После этого Мозли отправился в Haus Wahnfried, дом Вагнера, который тоже был поврежден бомбами союзников. Винифред Вагнер, вдова сына Вагнера Зигфрида, вынуждена была вынести унижения денацификации и беспомощно наблюдала за тем, как театр используют для итальянской оперы, легких развлечений и прочих “надругательств”. Солдаты играли джаз на фортепиано в Ванфриде, в фестивальном ресторане пекли донатсы. Здание театра даже использовали в качестве казарм для афроамериканских войск – обстоятельство, которое Винифред отметила в своих воспоминаниях четырьмя восклицательными знаками ужаса. Она провела экскурсию по развалинам для Мозли и отвела его на могилу Учителя: “Она заговорила о unser Blietzkrieg – “нашем блицкриге” – и с нежностью вспоминала о гитлеровских временах. Я застыл. Я не мог этого вынести. Я просто ушел от нее, чувствуя, как кровь стынет в жилах от ужаса”.

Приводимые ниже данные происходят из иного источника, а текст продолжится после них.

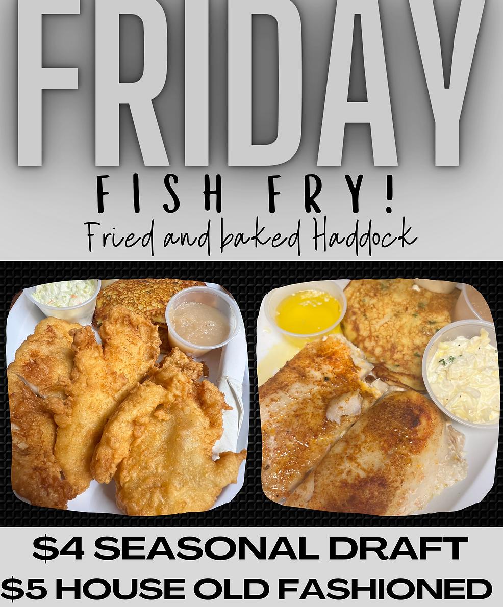 Beer battered haddock, lettuce, tomatoes, tartar sauce, and Anerican cheese, served on a bakery bun.
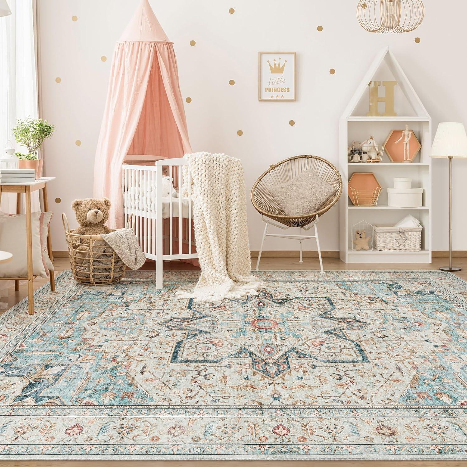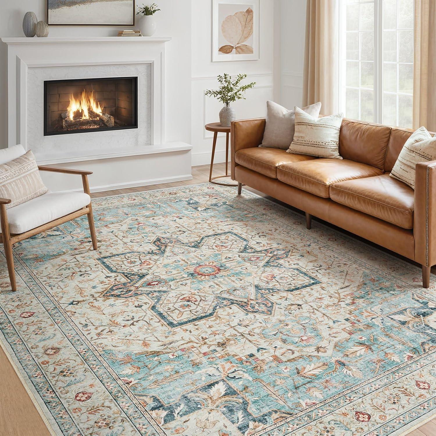 We also love layering this rug with simple metal or ceramic decor accents finished in copper or brushed brass to bring warmth and contrast to the space. Because it’s washable and highly durable, it’s perfect for homes with kids or pets; pairing it with easy-to-clean leather or microfiber upholstery makes maintenance hassle-free. Consider incorporating soft lighting like woven rattan lampshades or candles to accentuate its vintage farmhouse charm.Below is a quick reference for styling based on room types and suggested decor:
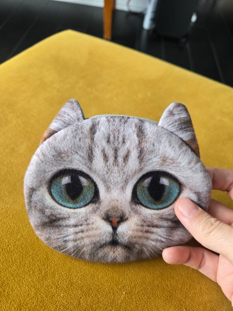 128Super cute cat face coin purse! It's in great condition and ready for a new home. Perfect for holding your change, cards, or small treasures
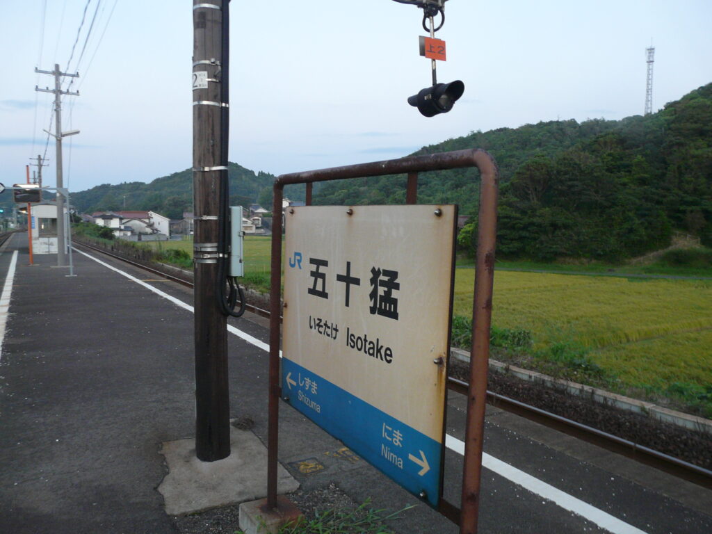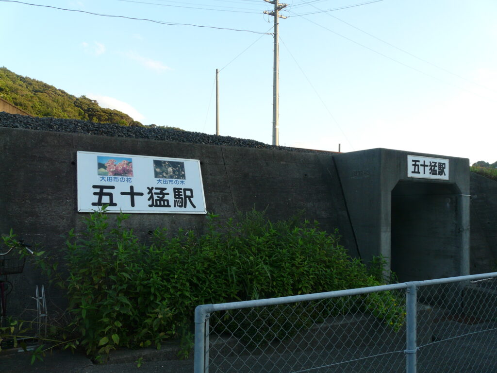 この駅は「五十猛駅」、山陰本線の途中駅です。ホームは1面2線の交換可能な構造、ホームから畑や集落が見えるのどかな駅です。
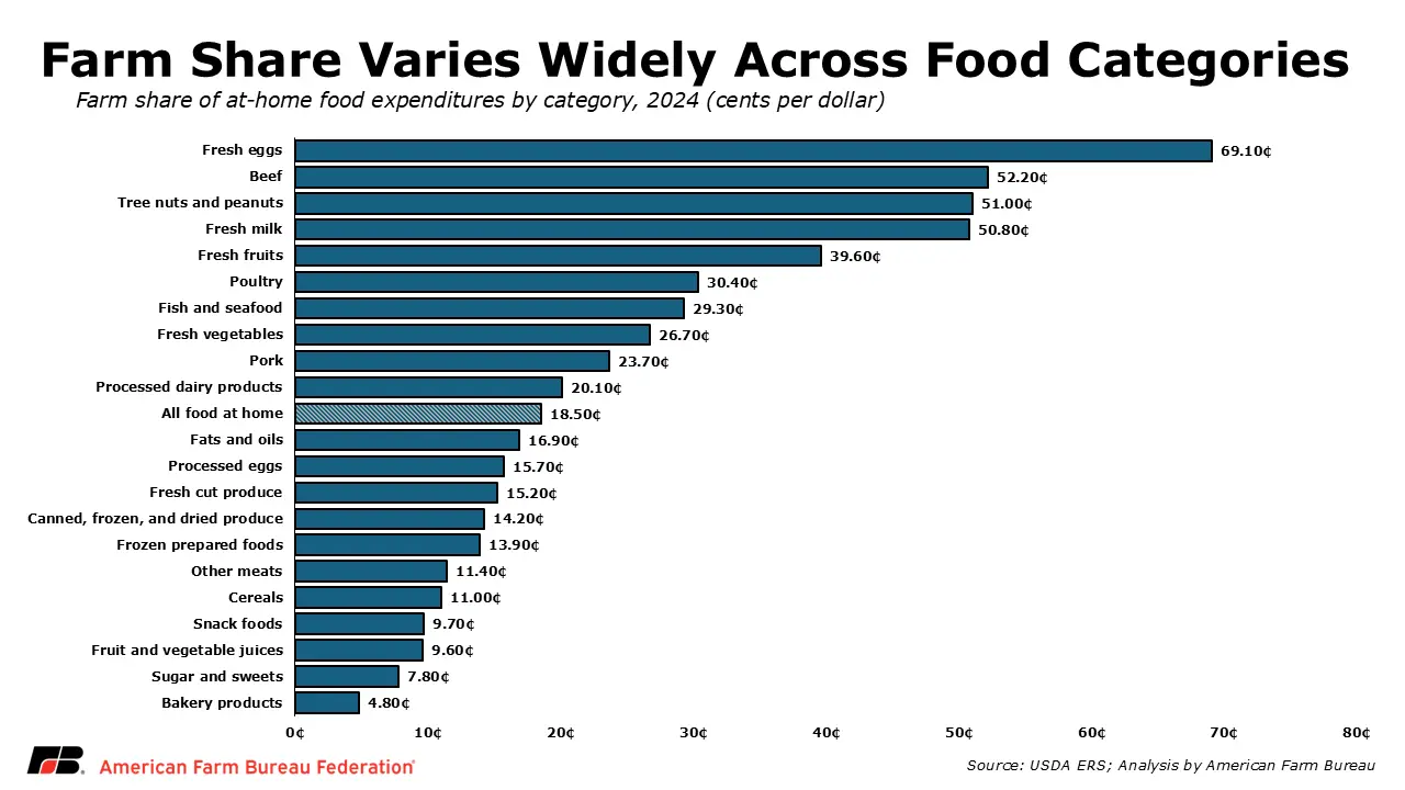 USDA’s Food Dollar data show that farmers receive a relatively small share of consumer food spending, and that share varies widely depending on the type of food purchased. In 2024, the farm share of the food-at-home dollar was 18.5 cents, up slightly from 18.4 cents in 2023, a 0.5% increase year over year. This means less than one-fifth of what consumers spend on groceries goes back to farmers.
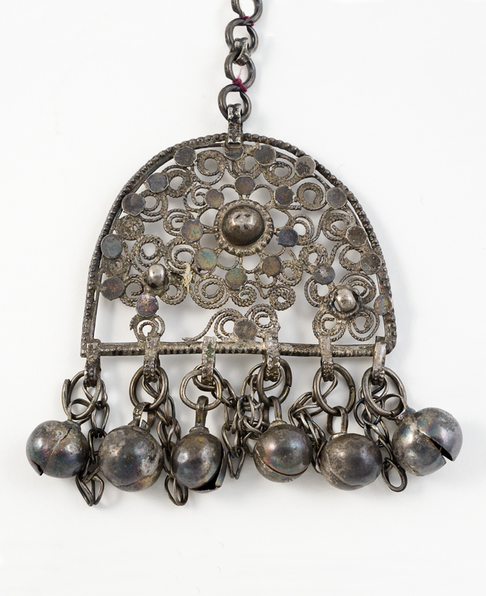 Metalen amulet. halve bolvorm met decoratie in ruitp...
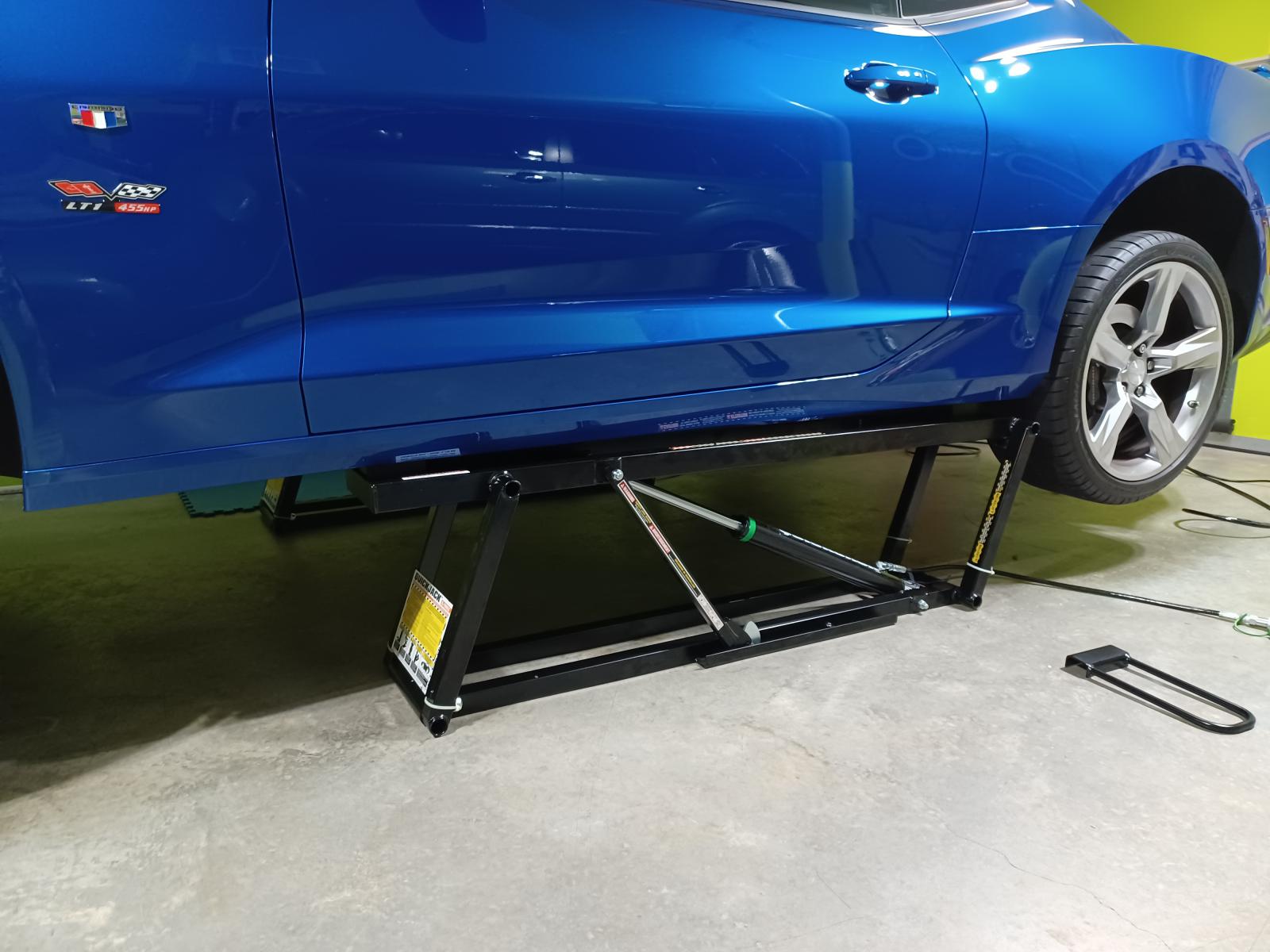 Got my quick jack bl 7000 slx. Jacked up my 2017 camaro SS, worked perfect. I have 3 bolt on aluminum pinch weld blocks on each side. From front to back I used the second one and the third one to lift it. I used the tall rubber blocks and placed the horizontal blocks. It's perfectly solid when in the air. I also zip tied 4 roller ball bearings to the frames to easily roll it under the car for easy storage.
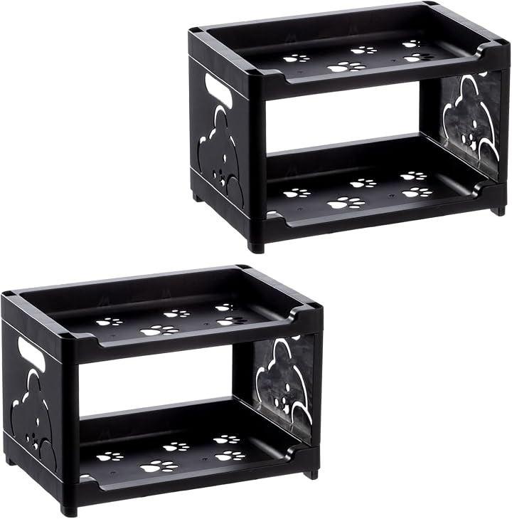 「商品説明」くまのシルエットと肉球模様が可愛い、卓上収納ラック2個セットです。
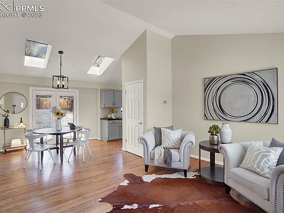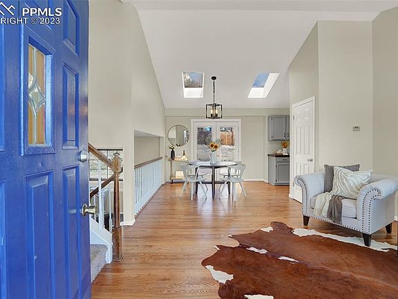 Maximize your sun opportunities with this bright and cheerful home in Rockrimmon that fills every corner with Colorado sunlight and puts you right by hiking trails on a large corner lot so you can enjoy yourself whether you want to be outside or in. Let this home put a smile on your face the moment you step in the door, with vaulted ceilings, skylights, lots of windows and rays of sunshine lighting it all up. The main living/dining/kitchen is perfect for guests, with a double-door exit to the rear patio so your parties can easily spill outside. The lower family room with brick wood-burning fireplace is a great place to get comfy, and working at home will be a joy in the light-filled office that could just as easily work as a den, a play room, a craft room or another bedroom. The master bedroom is filled with light and a mountain view, with two more bedrooms on the upper level, and a bonus basement room could add even more bedroom space or a third living room. The quarter-acre lot comes with a brick patio, greenhouse beds and raised planters with tons of space left over for yard games, gardening or just soaking up the fresh air. Freshly painted inside and out, with new carpet, newly refinished hardwood floors and new appliances, and walkable to a grocery store, a strip mall, Ute Valley Park and other trails right out the door, this is a supremely convenient home with easy access to I-25 and anywhere you need to go.
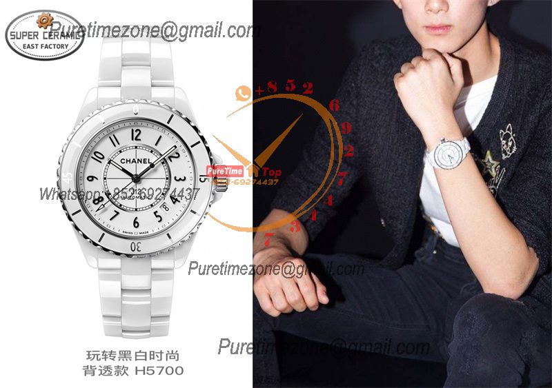 Home Chanel J12 H5705 38mm A12.1 Automatic Unisex Watch Best Edition EAST White Ceramic White Dial on Bracelet CHS Womens
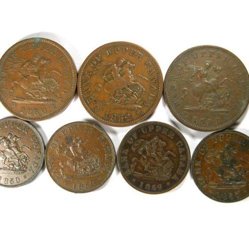 Breton 719 Bank of Upper Canada Penny, 1850 PC-6A1, EF, 1852 Large 2 Heaton, PC-6B5, VF and 1857 PC-6D, EF. Plus Breton 720 Bank of Upper Canada Halfpenny, 1850 PC-5A two pieces, EF and EF-AU, 1852 Royal Mint PC-5B1, VF-EF and 1857 PC-5D, EF. Seven tokens
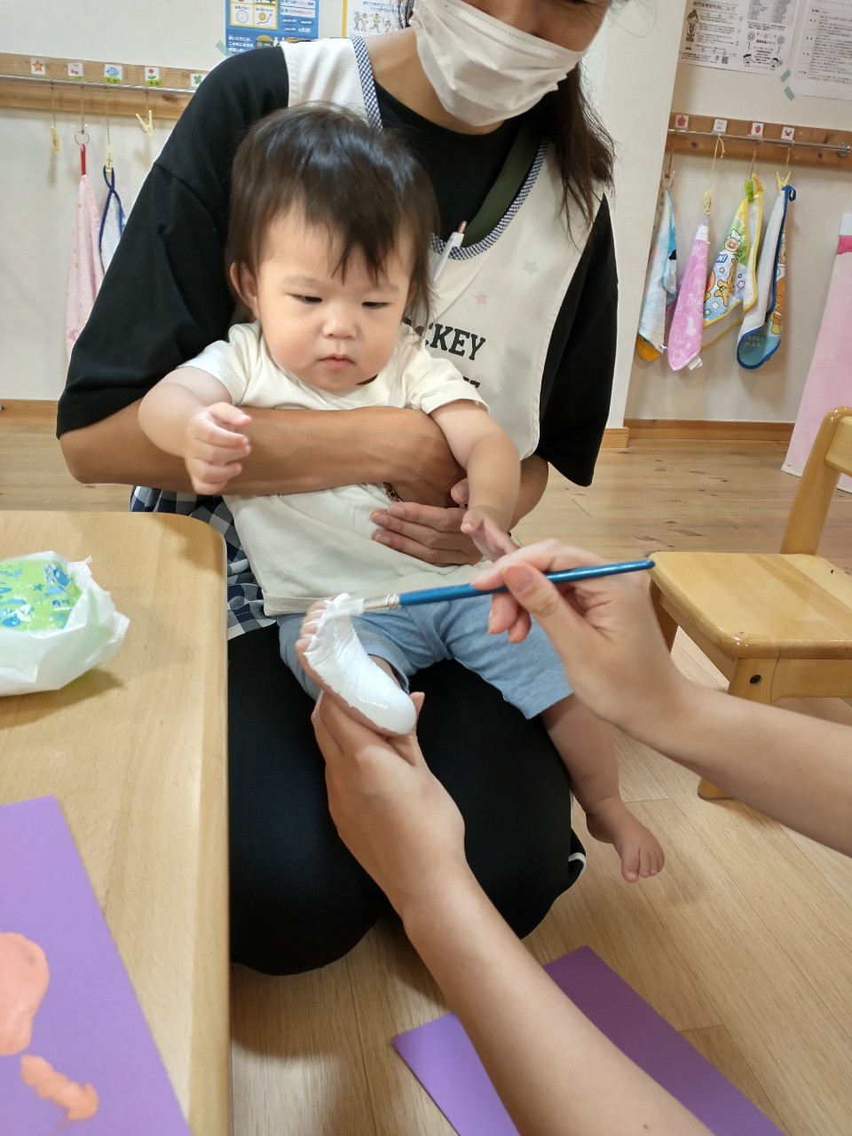 あおむしくんの、えのぐ製作! 手型、足型アートをしましたよ。 絵の具をつける時は、くすぐったいのか、指先をきゅっとまげたり 真剣な表情をしたりと、いろいろな姿を見せてくれます! みんな上手にぺったんできまし...
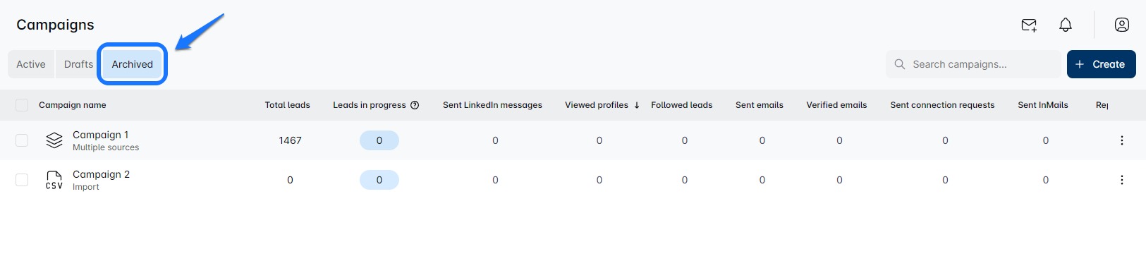 Simplemente cambia a la vista de 'Campañas Archivadas'. Ahora verás todas tus campañas cuidadosamente guardadas.
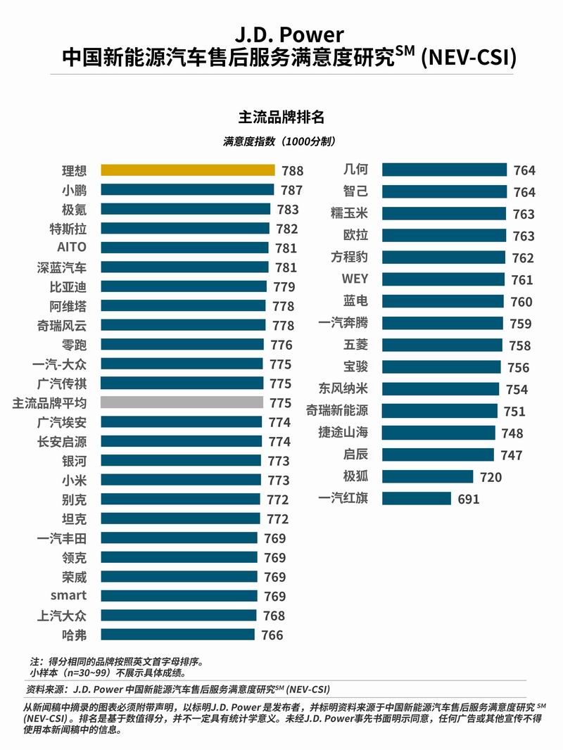 理想以788分获得主流品牌新能源汽车售后服务满意度冠军。
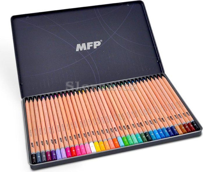 Sada 36 ks kvalitních kulatých pastelek uložených v praktické kovové krabičce.
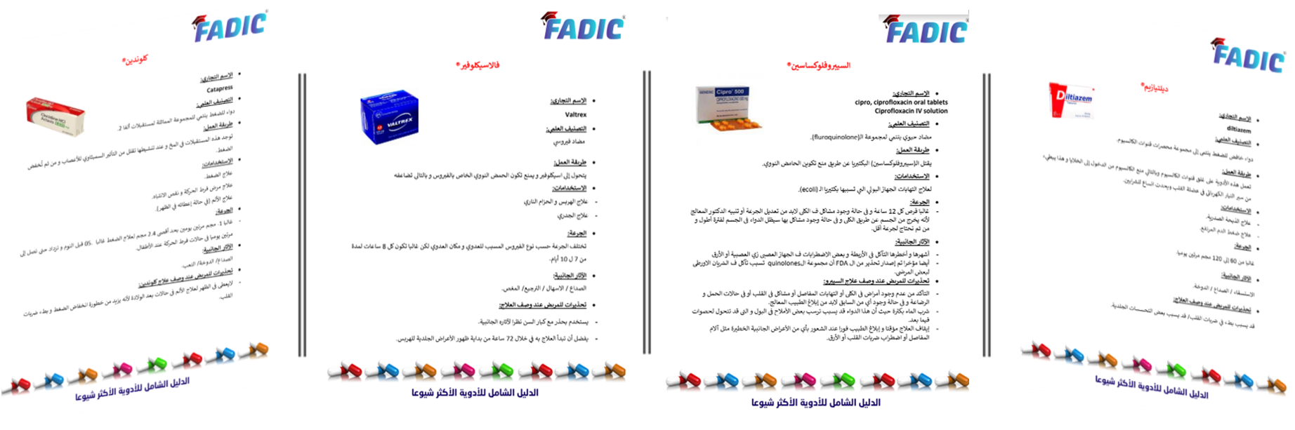 في هذا الكتاب يقدم فادك الدليل الشامل لأشهر الأدوية التي توصف للمرضى كأداة سريعة يمكن الوصول إليها بسهولة لكل من الأطباء والصيادلة وجميع مقدمي الرعاية الصحية من أجل توفير مستوي رعاية صحية أفضل للمرضب. هذا الدليل الشامل للأدوية الأكثر شيوعاً يوفر لك اكثر من ١٠٠ دواء مع استعمالاتها وموانعها و اسمائها العلمية والتجارية في صورة كارد ملخص جذاب لكل دواء, استكشف الدليل الشامل للأدوية الشائعة واحصل على توجيهات قيّمة حول استخدامها، وتأثيراتها الجانبية المحتملة، والجرعات الموصى بها، والمزيد.
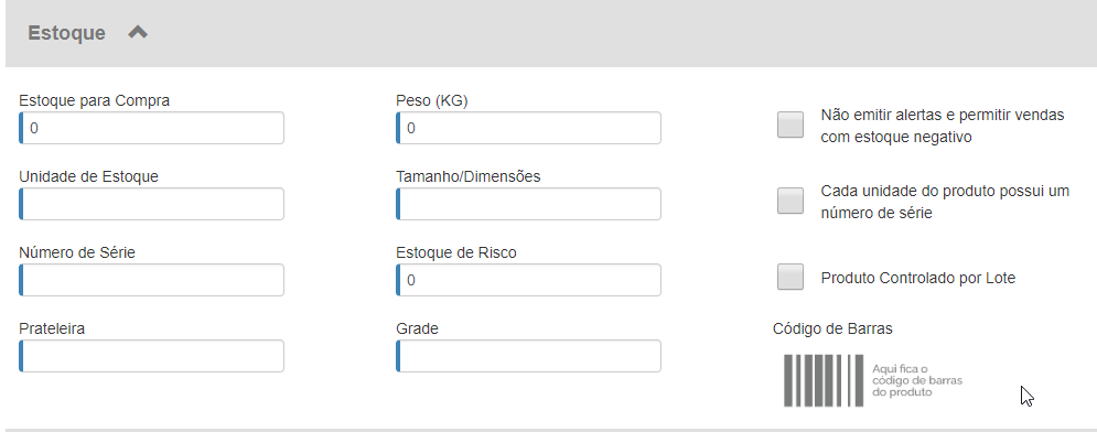 Estoque de risco: defina qual a quantidade de risco para este produto no estoque. Ou seja, o sistema notificará quando será necessário realizar uma nova compra do produto, no relatório de estoque de risco.

Музыкальную политику OMGUS точно характеризует документ дивизии психологической войны под названием “Инструкции по контролю за музыкой № 1”, этот документ можно найти в Национальных архивах Колледж-Парка в Мэриленде. “В первую очередь обязательным является то, – говорится в записке, – что мы не должны производить впечатление, будто мы пытаемся регламентировать культуру, как это делали нацисты”. Вместо этого “влияние на немецкую музыкальную жизнь должно оказываться положительными, а не отрицательными средствами, т. е. поощрением музыки, которую мы считаем благотворной, и вытеснением музыки, которую мы считаем опасной”. В категорию “опасной” музыки попадали только два человека: Рихард Штраус и Ганс Пфицнер: “Мы не должны… позволять, чтобы этих композиторов “рекламировали”, устраивая специальные концерты, посвященные исключительно их работам, или такие, где они выступали бы в качестве дирижеров”. Документ с таким двойственным подходом заканчивался следующим словами: “У нас не будет особенных трудностей в том, чтобы придать положительную международную направленность немецкому искусству”. Анонимный автор также выделил Сибелиуса, сочтя его способным пробудить чувство нордического превосходства, в результате “Финляндия” была запрещена в Германии.

Если не Штраус, Пфицнер и Сибелиус, то какие композиторы были приемлемы в новой Германии? Первым пунктом на повестке дня стояло восстановление репертуара, который нацисты запретили по расовым и идеологическим соображениям. Результаты оказались разнообразными, как видно из августовского рапорта 1945 года: “Правило, согласно которому в каждом концерте нужно было использовать по меньшей мере одно verboten произведение, привело к стереотипной схеме начинать все оркестровые концерты с увертюры Мендельсона… Ситуация с Мендельсоном стала критической, смехотворной и требующей срочного разрешения”. Автором этого рапорта был Эдвард Киленьи, сын учителя теории музыки Гершвина.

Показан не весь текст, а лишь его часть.